Concerning (4), I have done some testing by temporarily adding this to result processing:
final int repetitions = 1000;
for (int i = 0; i < 10; ++i) {
final long t0 = System.currentTimeMillis();
for (int r = 0; r < repetitions; ++r) {
try {
final ArrayOutput a = new ArrayOutput();
doc.getTree(new PrintStream(a, false, StandardCharsets.UTF_8));
new DBNode(new IOContent(a.finish()));
} catch(IOException | IxmlException ex) {
throw IXML_RESULT_X.get(ii, ex);
}
}
final long t1 = System.currentTimeMillis();
for (int r = 0; r < repetitions; ++r) {
final MemBuilder builder = new MemBuilder(null, new Parser("", new MainOptions()) {
@Override
public void parse(final Builder build) {
throw Util.notExpected();
}
});
builder.init();
try {
doc.getTree(new SAXHandler(builder, false, false));
new DBNode(builder.data());
} catch(final IxmlException ex) {
throw IXML_RESULT_X.get(ii, ex);
}
}
long t2 = System.currentTimeMillis();
System.err.println(
"serialize+parse: " + (t1 - t0) + " msec, " +
"SAXHandler: " + (t2 - t1) + " msec (" +
String.format(new Locale("en", "US"), "%.1f", (t2 - t1) * 100.0 / (t1 - t0) ) + " %)");
}
The result is this:
serialize+parse: 19315 msec, SAXHandler: 14118 msec (73.1 %)
serialize+parse: 16911 msec, SAXHandler: 14081 msec (83.3 %)
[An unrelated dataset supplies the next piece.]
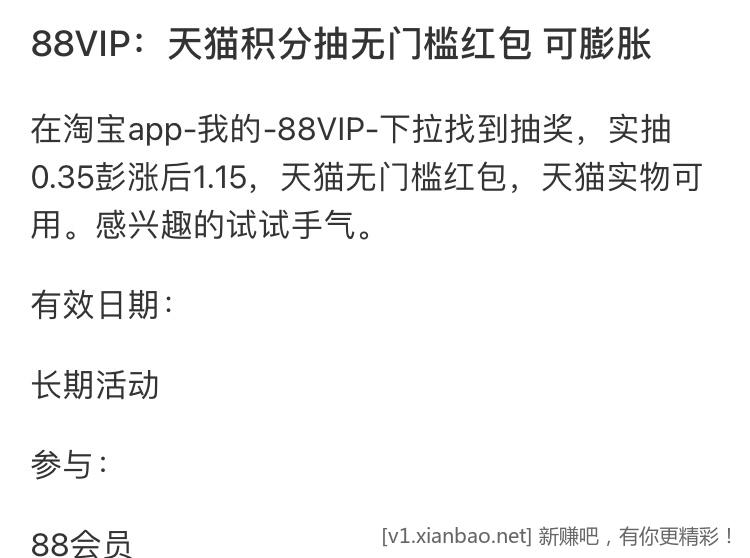 实测88积分抽了0.36红包,膨胀后2.2红包。天猫通用的,可以的
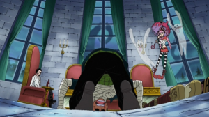 Riassunto: la notizia continua a viaggiare per la Rotta Maggiore e i Quattro Mari … I restanti quattro Mugiwara decidono cosa fare … Brook, dopo essere stato catturato dalla tribù Braccialunghe, viene esposto in una gabbia come fenomeno da baraccone. La tribù Braccialunghe non solo si stupisce del fatto che abbia una sola articolazione per braccio, ma che non abbia nemmeno un brandello di pelle. Brook è uno scheletro solo ossa, che si muove e fa strane azioni! Brook decide che migliorerà se stesso e diventerà più forte per il suo capitano. Non solo riuscirà ad inclinarsi fino a 40 gradi, ma comporrà nuove canzoni … Nico Robin sta partendo da Tequila Wolf per raggiungere la base segreta di dragon, capo dell’armata rivoluzionaria nonché padre di Rufy. I rivoluzionari la cercavano per proteggerla da molti anni, ma Robin è comunque contenta di non averli mai trovati, altrimenti non si sarebbe incrociata con la ciurma di Rufy, l’unico gruppo nel quale lei si sia mai sentita felice. Per la prima volta in vita sua lei non si impegnerà a diventare più forte per se stessa, ma per qualcun altro! Anche Usop è intenzionato a diventare più forte e l’arcipelago Boeing è il luogo adatto al suo scopo. Ogni giorno lì è una lotta per la sopravvivenza! Usop deve innanzitutto perdere tutti i chili accumulati nel suo periodo di rimanenza lì e poi aumentare la sua massa muscolare. Heracles sarà il maestro ideale per lui. Zoro intanto fa qualcosa che lascia Mihawk sbigottito: Zoro decide di mettere da parte le sue ambizioni pur di diventare più forte. Per questo motivo si prostra dinanzi al miglior spadaccino al mondo affinchè gli insegni la via della spada. Mihawk coglie subito il lato ridicolo della vicenda, cioè dovrebbe allenare l’uomo che un giorno gli staccherà la testa ma alla fine accetta, persuaso dalla volontà di Roronoa… Tutta la ciurma ha infine recepito il messaggio: la ciurma di Cappello di Paglia posticiperà la sua riunione di due anni! NB. Questa è la penultima puntata di quella che può essere considerata la prima serie di One Piece. Domenica 2 Ottobre inizierà quindi la nuova serie ambientata due anni dopo gli eventi correnti. Ci sarà anche una nuova sigla, We Go! Inutile dire che sarà un gran evento !

serialize+parse: 17424 msec, SAXHandler: 16187 msec (92.9 %)
serialize+parse: 19119 msec, SAXHandler: 16036 msec (83.9 %)
serialize+parse: 17831 msec, SAXHandler: 14545 msec (81.6 %)
serialize+parse: 17107 msec, SAXHandler: 15780 msec (92.2 %)
serialize+parse: 18437 msec, SAXHandler: 15672 msec (85.0 %)
serialize+parse: 17508 msec, SAXHandler: 14515 msec (82.9 %)
serialize+parse: 18705 msec, SAXHandler: 14861 msec (79.4 %)
serialize+parse: 21550 msec, SAXHandler: 15561 msec (72.2 %)
So my assumption about speed was right, though not as much as I was expecting.
I'd tend to hold on to my proposal made in this PR. Or are there possibly reasons not to use MemBuilder
and SAXHandler
this way? It is fairly similar to what is done in a REx parser when generated as a BaseX external function.
;-) You easily managed to convince me to switch to the new version. I have to admit I wouldn’t have remembered that the two classes could be used that way. And thanks for the performance tests, it’s definitely an improvement.
I’ll make some subtle changes before I merge the PR (new MemBuilder("", new Parser(null, new MainOptions()) {
might be cleaner, although the null
and ""
values are probably never accessed in the workflow).
I have changed it accordingly in b92298a. An extra cast to String was necessary because null
made the Parser
constructor ambiguous.
I’ve merged your code, and I’ve refactored some of the (ancient) classes: 86bdff37ce826b88a1e74cdf66e0cf4979edec0b.
fn:invisible-xml
does not correctly handle carriage-return characters, they either disappear from the result or they are replaced by line-feed characters. This is caused by the implementation sending the result through XML serialization and parsing, where serialization (done byInvisibleXmlDocument.getTree
) generates plain carriage-return characters and parsing has to normalize line endings to a single line-feed.This fix replaces serialization and parsing by using a
ContentHandler
that directly builds the result tree.